1) Caracazo: foi a grande revolta popular que explodiu em 28 de fevereiro 1998 e se concluiu em 5 de março, quando o governo de “centro-esquerda” reprimiu matando cerca de 3.000 manifestantes, para depois dizer que os mortos foram apenas 110.

2) USL: União Socialista dos Trabalhadores, é um grupinho minoritário da extrema esquerda venezuelana, que acha ser o único “super revolucionário” do planeta Terra.
3) Giorgio Napolitano: em 1978, o ministro da Democracia Cristã, Giulio Andreotti, ajudou o responsável da política econômica do PCI, Giorgio Napolitano, a obter o visto dos EUA, para depois, em 1979, realizar as conferências nas Universidades de Harvard, Yale, Chicago, Berkeley, Johns Hopkins-SAIS e CSIS de Washington.

4) Kissinger: Em 2001, o jornal “Il Corriere della Será”, revelou o relacionamento entre Napolitano e Kissinger no artigo “E Kissinger incontra il suo comunista preferito”. Corriere della Será de 09/10/2001 http://archiviostorico.corriere.it/2001/settembre

5) Economia invisível: são os contratos em “negro”, os ritmos de trabalhos alterados, a ausência de garantias e medidas de segurança no trabalho. Um cenário que permite a produção de mercadorias com normas e nomes falsificados ou com matérias primas adulteradas.

6) Economia ilegal: é a organização de circuitos para o transporte e a venda de drogas, de armas e de todos os produtos que se relacionam com o contrabando, juntamente a prostituição feminina e masculina e tudo que provém das  atividades ilegais.

Luciano Vasapollo: 61 anos, é professor de Análise de Dados de Economia Aplicada na Universidade de Roma “La Sapienza”, onde desempenha a função de Delegado do Reitor para Relações Internacionais com os países da ALBA e da América Latina.

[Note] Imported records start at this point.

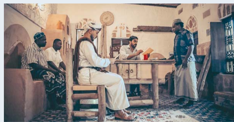
■ السينما في سلطنة عُمان تمثل منصّة فكرية وثقافية

بكفاءة عالية. ووضح أن انخفاض الكلفة الإنتاجية في سلطنة عُمان مقارنة بالدول الأخرى يشكل عاملاً جاذباً رئيساً لشركات الإنتاج العالمية التي تبحث عن الجودة العالية والتكلفة المناسبة. داعياً إلى تفعيل مشروعات الإنتاج المشترك بين المخرجين العُمانيين وشركات الإنتاج العربية والعالمية، فهذه الشركات تفتح آفاقاً واسعة لتبادل الخبرات، وبناء جسور التواصل بين السينما المحلية والديولية، وتمنح الكوادر والمواهب الوطنية فرصاً واعدة للعمل في بيئات احترافية متقدمة، مما يعكس إيجاباً على جودة الأفلام العُمانية لتنافس بقوة في المهرجانات الدولية. وأشار إلى أن العادات والتقاليد العُمانية، وقيم الضيافة والترابط الاجتماعي، تمنح الصورة السينمائية عمقاً إنسانياً ملفتاً، حيث يمزج التراث المادي المتمثل في القلاع والبيوت القديمة والأسواق الشعبية، مع التراث غير المادي كالفنون التقليدية والحكايات الشفوية، ليشكل معاً رموزاً بصرية أصيلة توثق الهوية العُمانية في السينما المعاصرة، وتصنع لغة بصرية تبرز خصوصية المكان بروح وصورة صادقة تفهمها مختلف الثقافات. ■
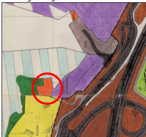
Figur 1: Utsnitt av gjeldande reguleringsplan. Naustområde vist med raud ring.

Statens vegvesen har rett til å uttale seg i dispensasjonssaker som vedkjem vårt saksområde. Vi har også klagerett i slike saker.
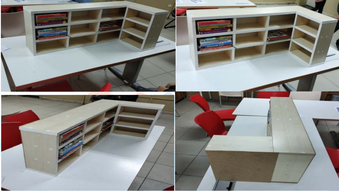
Şekil 3.2. Kitaplığın prototipi.

taşımadığı ve suntanın ince yapısından ötürü vidalama yapılamamıştır. Bu yüzden daha kalın bir malzeme kullanılması gerektiği anlaşılmıştır. Okulumuzda bu kalın malzemeyi kesebilecek uygun testere bulunmadığı için mahallemizde bulunan marangoza gidilmiş ve kesim-vidalama işlemleri güvenlik önlemleri alınarak burada birlikte yapılmıştır. Prototipin boyutları şu şekildedir; uzun kenarı 92 cm, kısa kenarı 40 cm, yüksekliği 38 cm ve derinliği 15 cm'dir. Şekil 3.2'de kitaplığın prototipi gösterilmiştir.

É professor em Cuba nas universidade de La Habana e Piñar del Río.

Grande estudioso do marxismo, juntamente a Atílio Boron (Argentina) Ricardo Antunes (Brasil) e James Petras (EUA), é considerado um dos poucos teóricos que enfrentaram o problema da modernidade revolucionária do marxismo. Por isso, os quatro foram convidados por Fidel Castro e Hugo Chávez para identificar o potencial político da ALBA.

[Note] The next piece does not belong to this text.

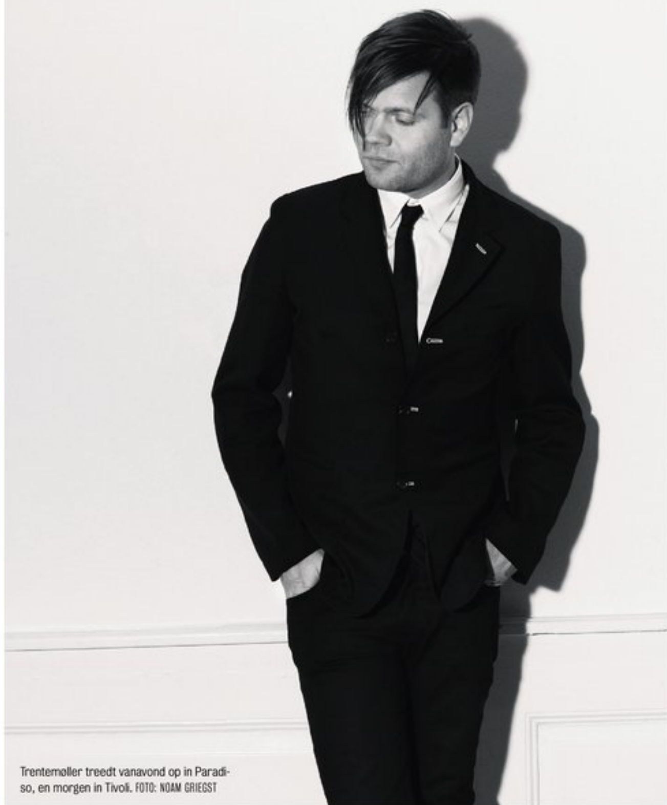
Trentemøller treedt vanavond op in Paradiso, en morgen in Tivoli.

Inclusief een 2-jarig KPN Personal Sim 260 + SurfMail Total (250 min/250 sms+internet). Normaal 43,50 p/mnd. Nu je leven lang slechts 34,80 p/mnd. Inruil: lever je oude toestel max. 1 per persoon. Vraag naar de actievoorwaarden in de winkel.
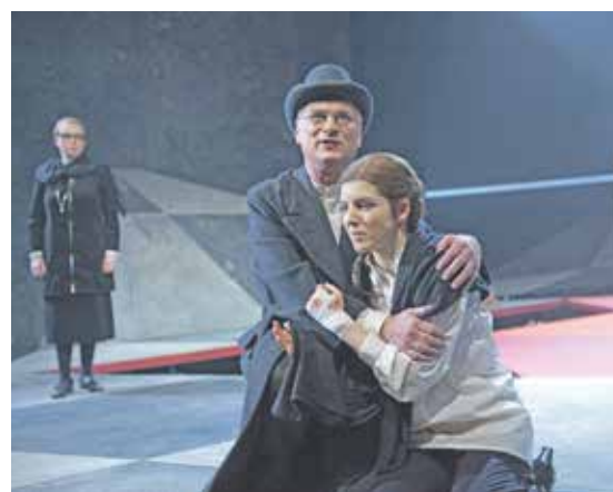
Lessings Botschaft ist heute aktueller als denn je.

Escreveu 18 livros, sendo coautor de outros 32. Na juventude foi militante do grupo Potere Operaio, em Roma. Em 1998, foi um dos fundadores da organização política e revolucionária Rete dei Comunisti. Depois integrou o movimento participando em todas as lutas dos sindicatos de base, contribuindo em 2010 na fundação da União Sindical de Base (USB), a confederação sindical independente, filiada na FSM.

Achille Lollo é jornalista italiano do jornal “Contropiano”, editor do programa TV “Contrappunto Internazionale”, colabora com a revista “Nuestra América” e é colunista internacional do “Correio da Cidadania”.